Transi, un oiseau trille. Le vent nocturne effleure la forêt d’un bruissement puissant. La jungle résonne dans le noir intense. Les premières lueurs de l’aube qui vont colorier le ciel sont encore loin. L’oisillon doit avoir bien froid qui réclame l’étreinte de sa mère, disant Mère, oh, mère, j’ai trop froid ; prends-moi tout contre toi.

La jungle est immense et dense. Le rugissement menaçant d’un tigre se fait entendre, loin, proche, comme s’il rôdait, déguisé en homme pour venir marauder, et puis repartant en traînant une proie humaine. Un courlis lance son bruyant « cour-lis » « cour-lis », appel glacial à faire dresser les cheveux sur les têtes, et le prolonge en toute indifférence. Les vieillards chenus, poil blanc et peau craquelée, expli­quent que, quand le courlis chante, le tigre est en chemin.
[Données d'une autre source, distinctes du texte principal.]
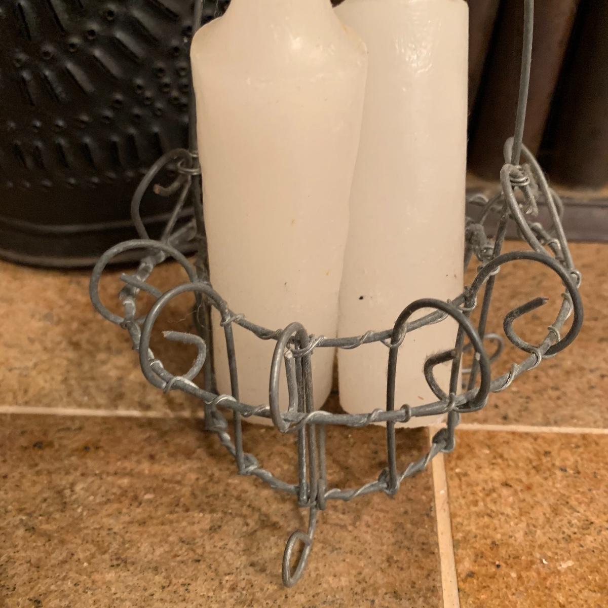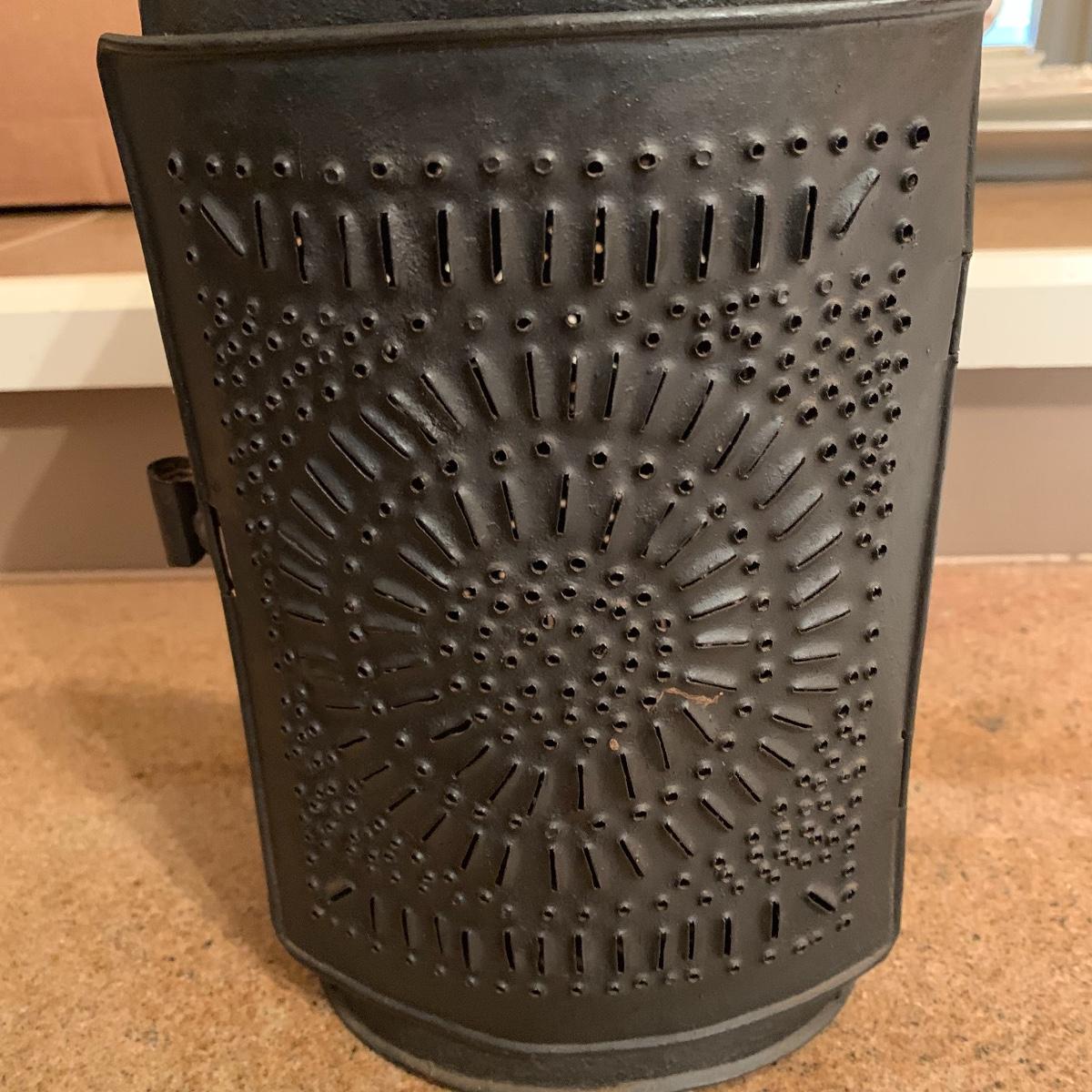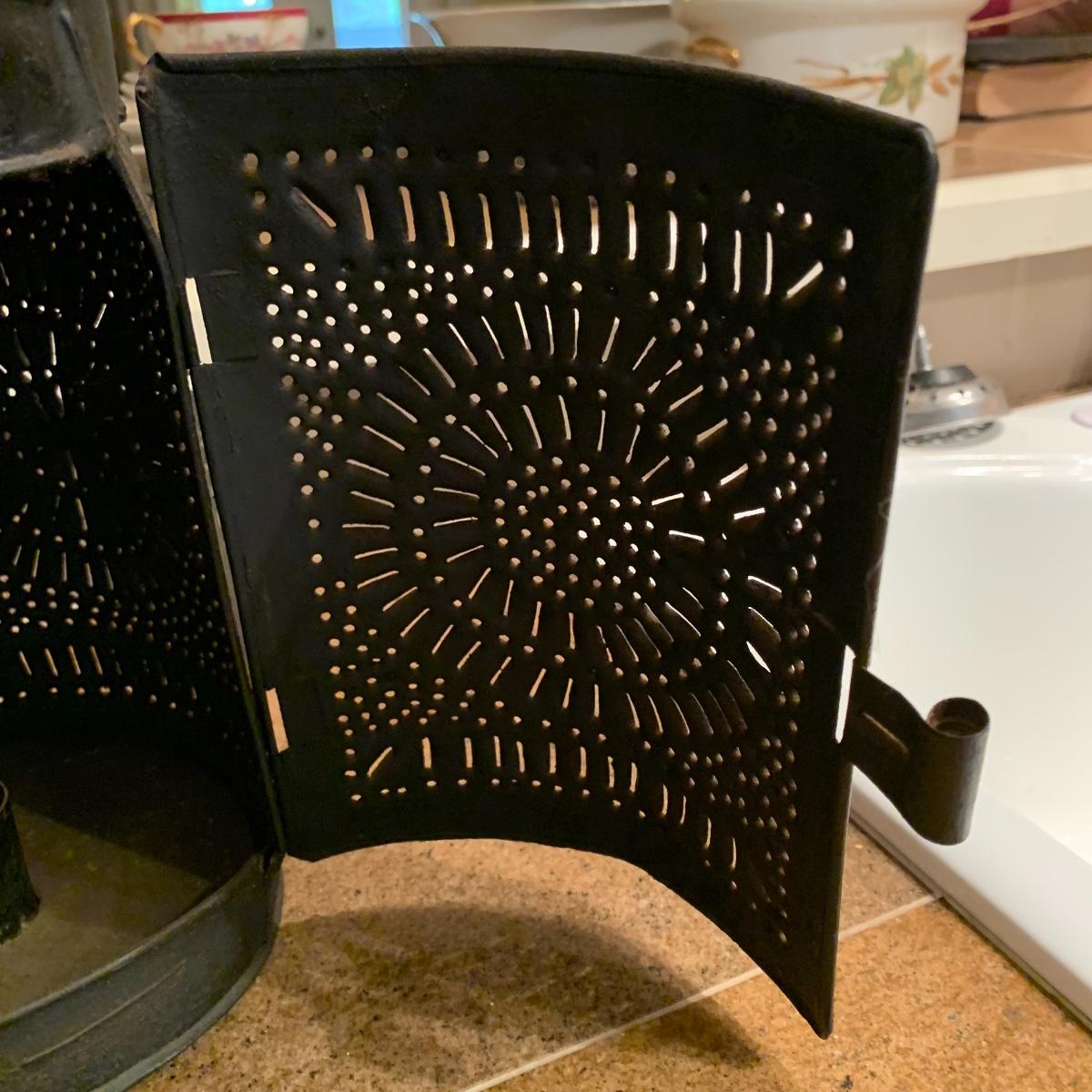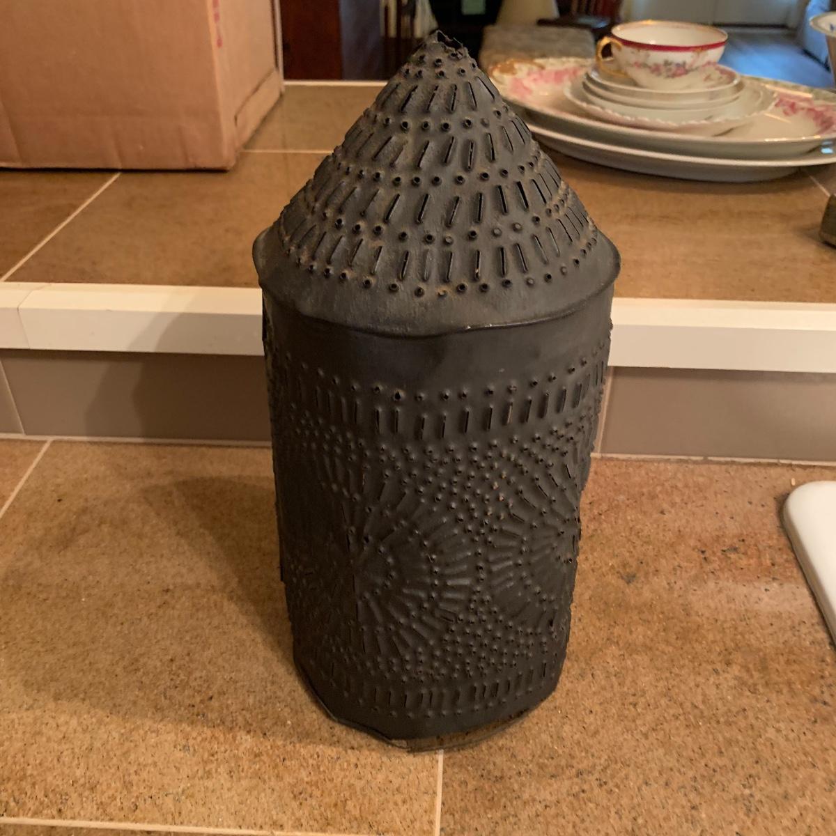 Lot includes a vintage candle lantern that features decorative holes and a easy operable door, a brass candle making mold, and a little wire basket holding two candles. The lantern stands 13” tall.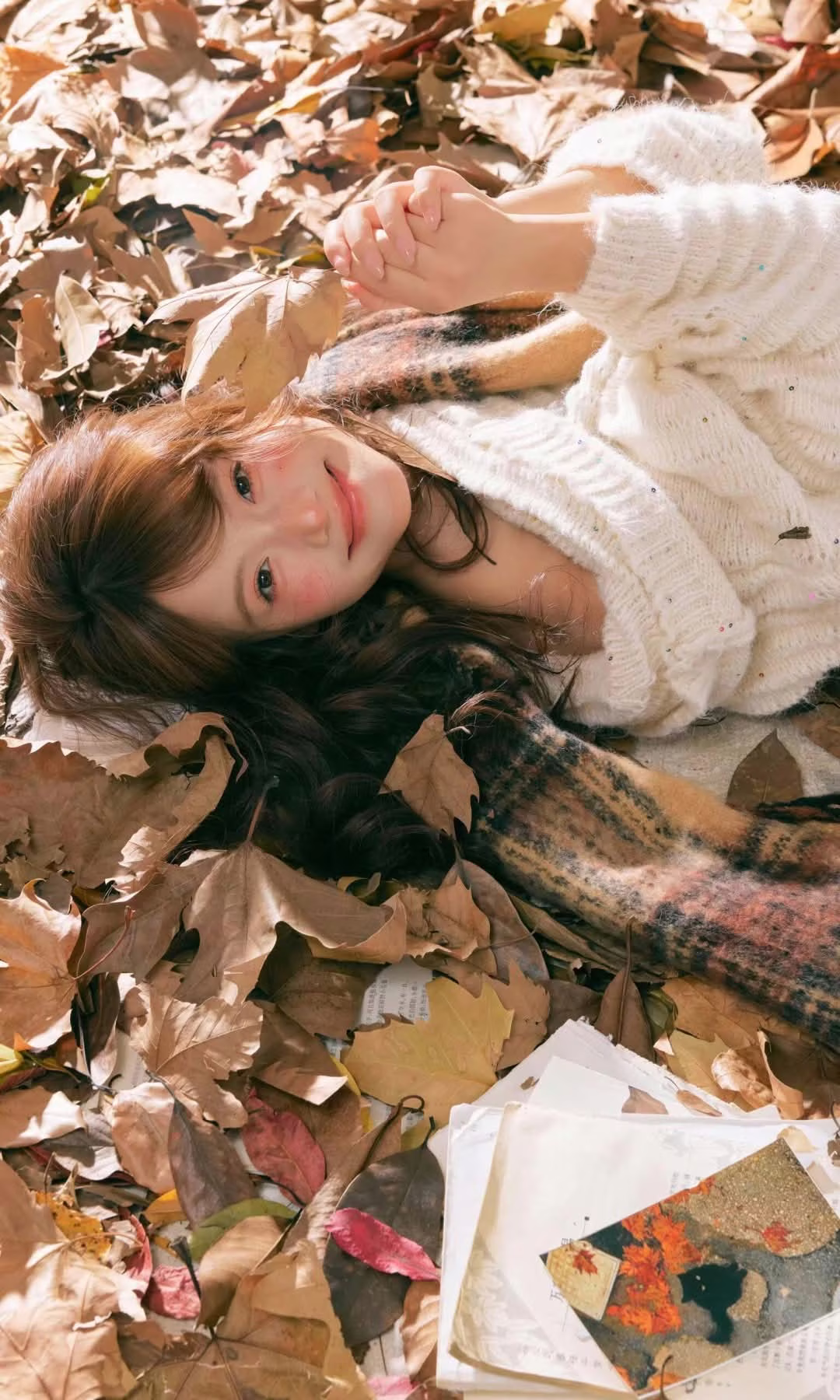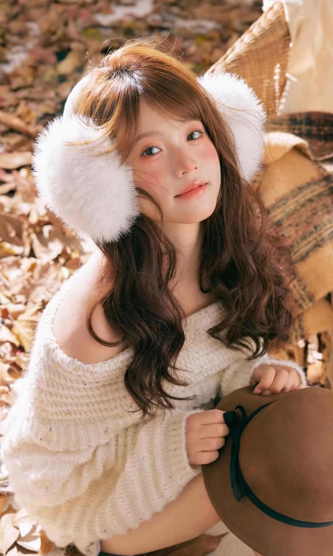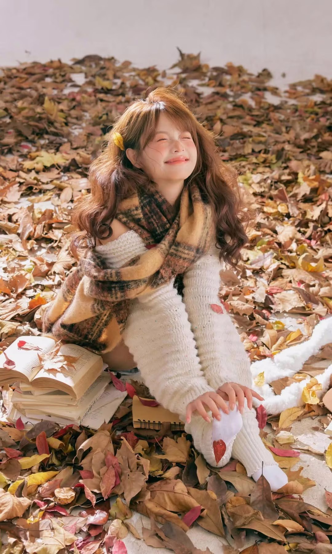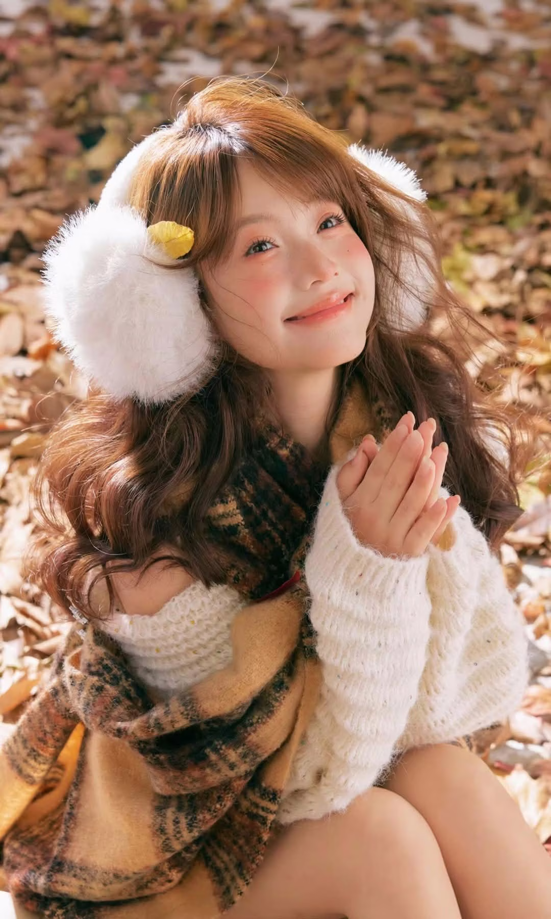 This VGU No50 image captures a beautiful young woman radiating a bright smile amidst a romantic autumn setting. She sports a warm knit sweater and a plaid scarf complemented by soft fluffy earmuffs creating a style that is both adorable and cozy. The fallen golden leaves carpeting the ground further highlight her pure and vibrant beauty. Her sparkling eyes and naturally rosy cheeks convey a sweet and approachable charm. The photograph not only freezes a moment of beauty but also fully conveys the gentle and romantic atmosphere of autumn. This is an ideal image for anyone who appreciates natural beauty and warm autumn winter fashion. It will surely melt everyone's hearts. #Vietnamese #pretty #charm

Prier… Humblement, paumes jointes, je prie.

Il y a comme la scansion d’un hommage au maître, la strophe qui le glorifie comme maître dans les trois mondes. L’immense et dense jungle, la masse boisée couvrant une vaste surface résonne d’un incessant concert a capella de sauterelles, de crapauds de ruisseau en réponse aux grenouilles de roche qui se font entendre depuis de lointains points d’eau. Au profond de la nuit les hommes dorment. Le bruit de versets implorants, clairs et inusités, s’insère entre le bruit de feuilles qui tombent, le bruit d’un cerf qui broute. Il y a comme un hoquet, comme si le cerf suffoquait dans son sang. Le tigre du Bengale, le tigre jaune, le tigre aux rayures du gris des nuages, le grand tigre a sans doute déjà le cou du cerf dans sa gueule.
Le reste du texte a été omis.